By Alois Vinga
HWANGE Colliery Company Limited (HCCL) has recorded a profit of $3.5 million amid significant improvement in revenue generation after a prolonged period in a loss position triggered by poor management.
HCCL acting managing director, Charles Zinyemba, Thursday said the move to place the coal mining giant under administration is bearing results.
“Financial performance for the period ending June 30 2019, improved in comparison to the same period in the 2018 financial year. The company posted a profit of $3.5 million against a loss of $23 million recorded in 2018,” said Zinyemba.

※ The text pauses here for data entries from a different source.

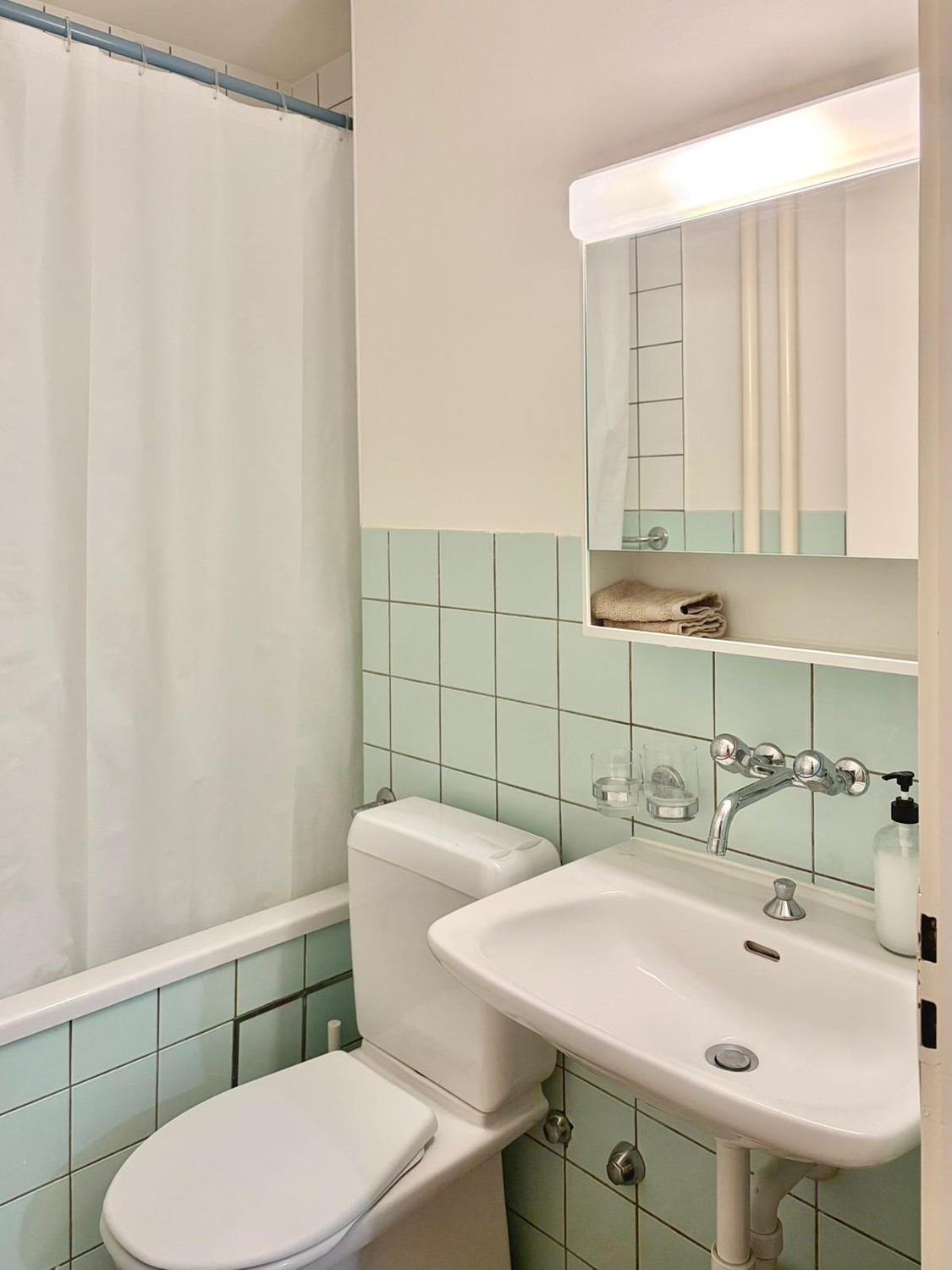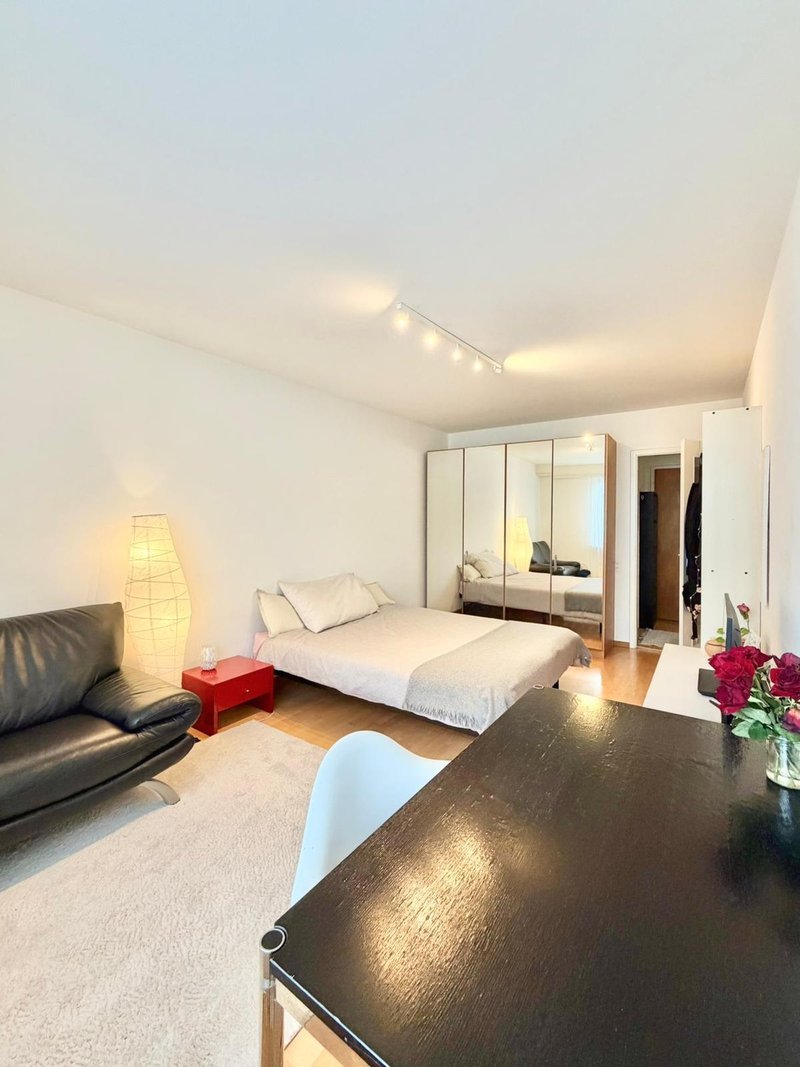 Very calm area and well connected with tram and bus lines. Coop, Migros, Denner and many shops in the area, within less than 5 minutes walking distance.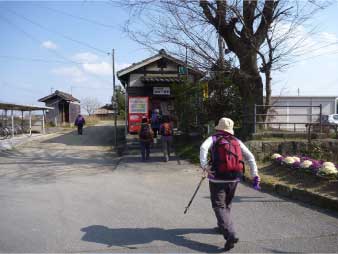 | 3月15日、松愛会山歩き会で播磨の善防山、笠松山を縦走した。大阪8時11分新快速姫路行きで出発。加古川で加古川線に乗換粟生駅へ、ここから北条鉄道に乗り、播磨下里で降車した。 播磨下里駅で出発準備をして10時30分歩き始めた。駅前から県道43号を南へ、81号との交差点を渡ると野田池があり、これから登る善防山が池に映っていた。少し先に進むと農協前のバス停がありさらに少し先に山へ入る細い道があった。その道の入口に善防山登山口の案内標石が建っていた。 |
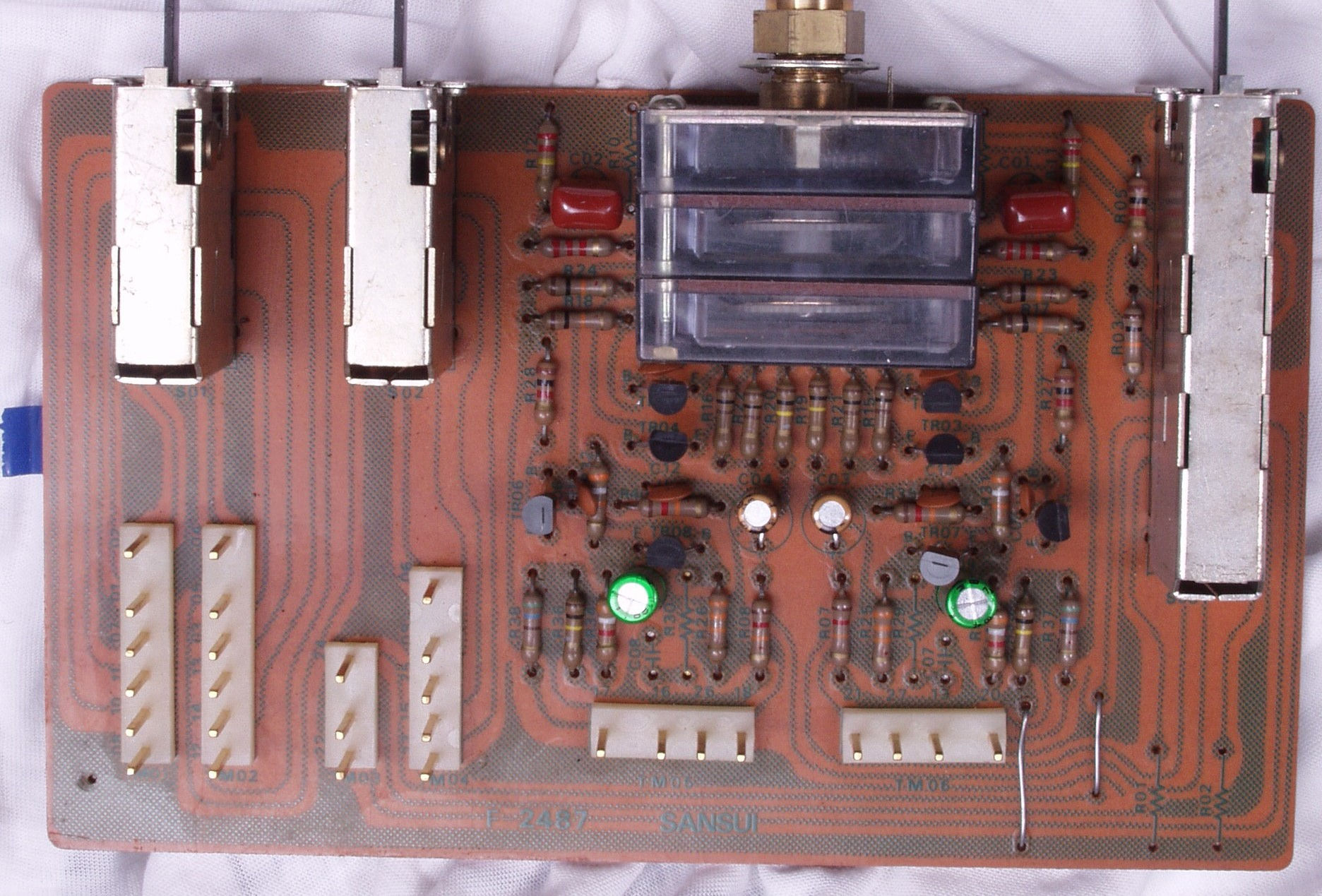 | C−DB. 修理後 VU−AMP基板 TR(トランジスター)8個、半固定VR4個、電解コンデンサー12個交換、抵抗2個追加 |

During the period under review, the company’s revenue increased by 128% from $30.5 million for the year’s first half to $70 million.
The coal mining giant resumed open cast mining in March 2019 causing a 52% production decline.
In the same period, sales tonnage declined by 16 % while sales mix improved in the latter part of the year by 4.2%.
HCCL said the cost of sales increased by 16% to $36 million from $31 million for the prior year’s comparative period resulting in the company posting a gross profit of $34 million compared to a gross loss of $144,000 in the prior year.
Turning to the scheme of arrangement entered into with creditors in May 2017 in a bid to restructure short term debt into long term debt, Zinyemba said the scheme failed to meet a number of its objectives due to lack of capacity to fund the collection account to settle interest due to creditors.
As a result, the scheme’s obligations will now be undertaken by the administrator.
HCCL recent results signify an improvement from the 79% loss increases amounting to $78 million recorded during the period ended December 31, 2018.
HCCL is saddled with a US$160 million legacy debt, which includes what is owed to; employees in unpaid salaries (US$50 million), the Mining Pension Fund (US$25 million) and the Zimbabwe Revenue Authority (Zimra) (US$69, 1 million) among other liabilities.
The company is currently under reconstruction, in terms of Section 4 of the Reconstruction of State Indebted Insolvent Companies Act, a measure which allows State related companies affairs to be taken over by government in order to avoid closure due to mismanagement.